The early ’00s suffered from nostalgia trips by people who grew up in the ’90s: Ben Folds Five devotees who refuse to accept the Ben Folds One, Weezer fans who want Pinkerton perpetually recycled (and, to be fair, the latest Weezer album is awful), and Counting Crows devotees who need to compare every new Crows album to August And Everything After. The latter group was hard on Hard Candy. It may not be the (rather overrated) debut’s equal, but it certainly is more upbeat — and Duritz finally stops going on about the heartbreaking Elisabeth. Admittedly, Hard Candy includes some filler material, but this is the age of WinAmp which allows the listener to re-sequence albums (if only to avoid the ghastly American Girls). If some of the album is frustratingly disappointing, the other half comprises some of Counting Crows’ finest moments. Holiday In Spain is gorgeous, even if the album version is rendered entirely redundant by the gorgeous live version on the New Amsterdam album, which was recorded on the Hard Candy tour. Counting Crows have referenced The Band throughout their career; here their heroes get a namecheck by way of noting Richard Manuel’s death (even if The Band’s late, bearded singer serves only as a MacGuffin to a reflection on a relationship).

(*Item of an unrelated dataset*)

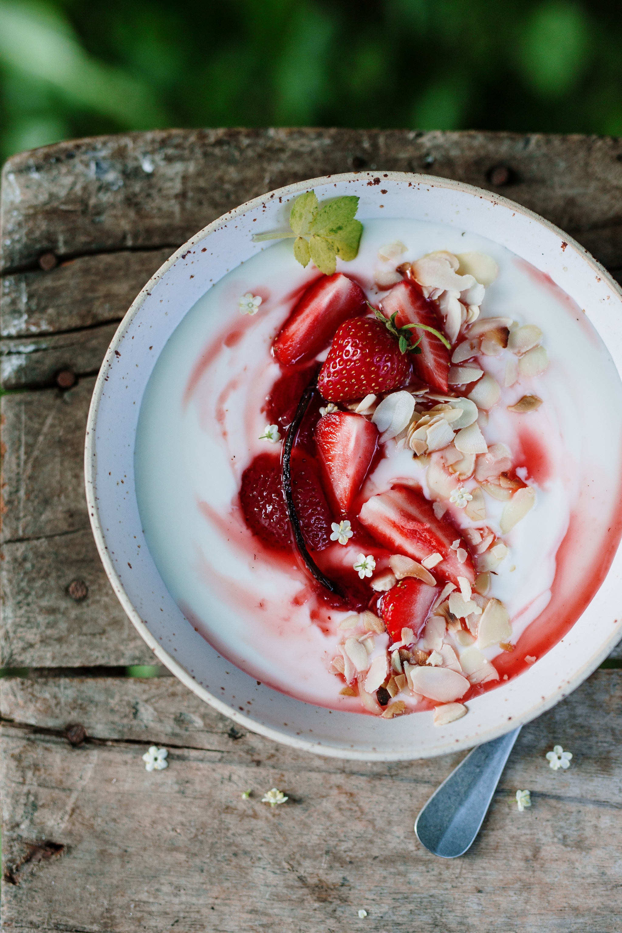 3. Weitere 5 Minuten bei mittlerer Hitze köcheln, zum Schluss die Erdbeeren beigeben und anschließend vollständig auskühlen lassen.

The are at least two types of Ben Folds fans: those who don’t think that Folds has ever topped the work he did in union with with Robert Sledge and Darren Jessee as the ironically named Ben Folds Five, and those who prefer his more mature solo output. Put me down as belonging in the latter group. While the very funny title track, the driving Zak And Sara, Annie Waits or Not The Same would fit snugly in the Ben Folds Five canon, Folds’ solo debut exhibited a greater empathy for the subjects of his lyrics. On Rockin’ The Suburbs (released on September 11), Folds took the baton from BFF songs such as Brick, Don’t Change Your Plans or Best Imitation Of Myself, musically and lyrically.
The first time I saw the Hedwig and the Angry Inch, I was gobsmacked. The curious storyline, the intense performances, the incongruous humour (black GIs in East Berlin!), the imaginative setpieces, the animation and costumes, and, above all, the fantastic music, written by Stephen Trask and performed mostly by John Cameron Mitchell as the genitally mutilated Hedwig, which ranges from ballads and punk to Ziggy-style glam rock.
Before the Idols franchise spewed forth disposable singers of debatable ability, at least in South Africa, televised talent shows in the country brought several artists of notable aptitude to the public’s attention. One of these was Judith Sephuma, born in the northern town of Polokwane (then Pietersburg) and a music graduate from the University of Cape Town. Her 2001 debut album is a captivating blend of jazz and Afro-pop which fully met, and even exceeded, the expectations observers had invested in the artist since her performance at the inauguration of President Thabo Mbeki in 1999, a year before she made a huge impression at the misnamed North Sea Jazz Festival in Cape Town (the local equivalent of the Montreaux festival). If the wonderful Randy Crawford had been South African, this is what she might have sounded like.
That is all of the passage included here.